## Data extract
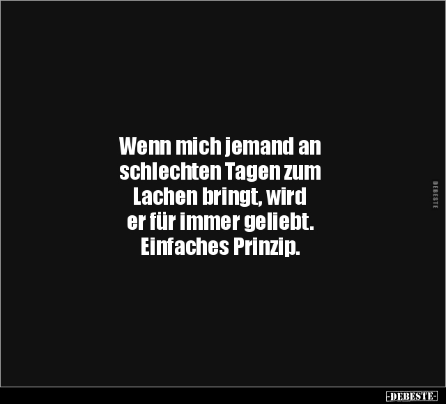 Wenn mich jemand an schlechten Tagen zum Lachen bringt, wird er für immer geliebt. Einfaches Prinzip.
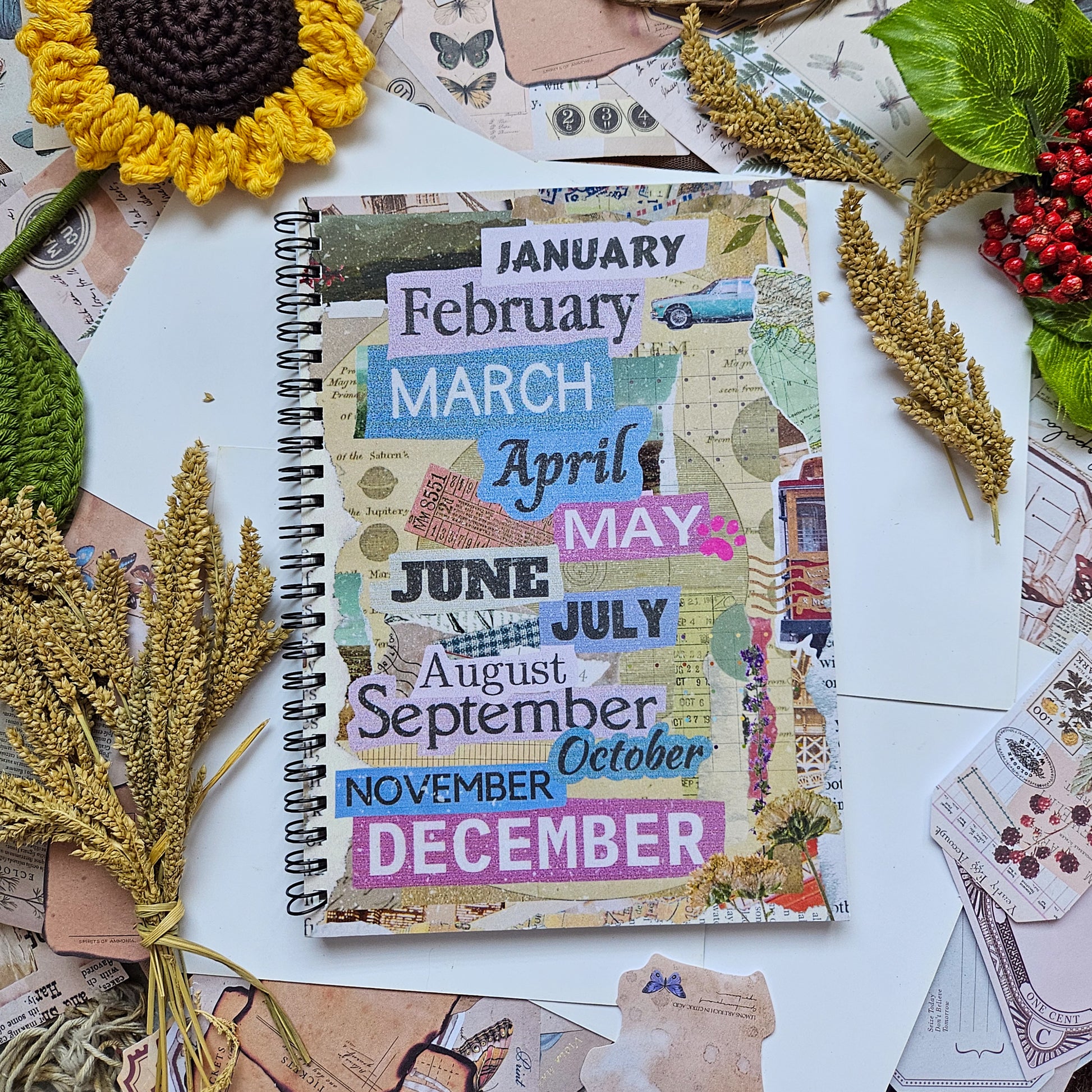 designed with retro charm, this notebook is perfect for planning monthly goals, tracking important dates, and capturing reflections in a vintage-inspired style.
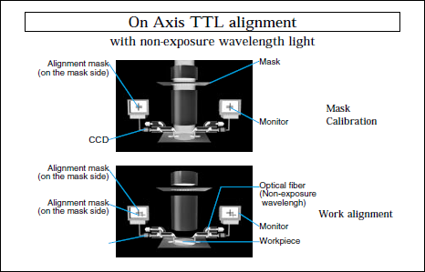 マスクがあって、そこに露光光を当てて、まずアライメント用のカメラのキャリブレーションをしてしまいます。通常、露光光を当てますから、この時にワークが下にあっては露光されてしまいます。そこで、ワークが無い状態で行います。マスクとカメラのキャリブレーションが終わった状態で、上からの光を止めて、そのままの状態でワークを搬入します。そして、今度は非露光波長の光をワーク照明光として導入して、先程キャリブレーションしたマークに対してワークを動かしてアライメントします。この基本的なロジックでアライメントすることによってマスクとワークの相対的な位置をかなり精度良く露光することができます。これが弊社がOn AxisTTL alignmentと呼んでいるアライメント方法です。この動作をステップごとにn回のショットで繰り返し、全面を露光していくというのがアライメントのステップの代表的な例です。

## Directions for this task
Down to the last line, print the material exactly, but not its pictures.

## Answer section
 Wenn mich jemand an schlechten Tagen zum Lachen bringt, wird er für immer geliebt. Einfaches Prinzip.
 designed with retro charm, this notebook is perfect for planning monthly goals, tracking important dates, and capturing reflections in a vintage-inspired style.
 マスクがあって、そこに露光光を当てて、まずアライメント用のカメラのキャリブレーションをしてしまいます。通常、露光光を当てますから、この時にワークが下にあっては露光されてしまいます。そこで、ワークが無い状態で行います。マスクとカメラのキャリブレーションが終わった状態で、上からの光を止めて、そのままの状態でワークを搬入します。そして、今度は非露光波長の光をワーク照明光として導入して、先程キャリブレーションしたマークに対してワークを動かしてアライメントします。この基本的なロジックでアライメントすることによってマスクとワークの相対的な位置をかなり精度良く露光することができます。これが弊社がOn AxisTTL alignmentと呼んでいるアライメント方法です。この動作をステップごとにn回のショットで繰り返し、全面を露光していくというのがアライメントのステップの代表的な例です。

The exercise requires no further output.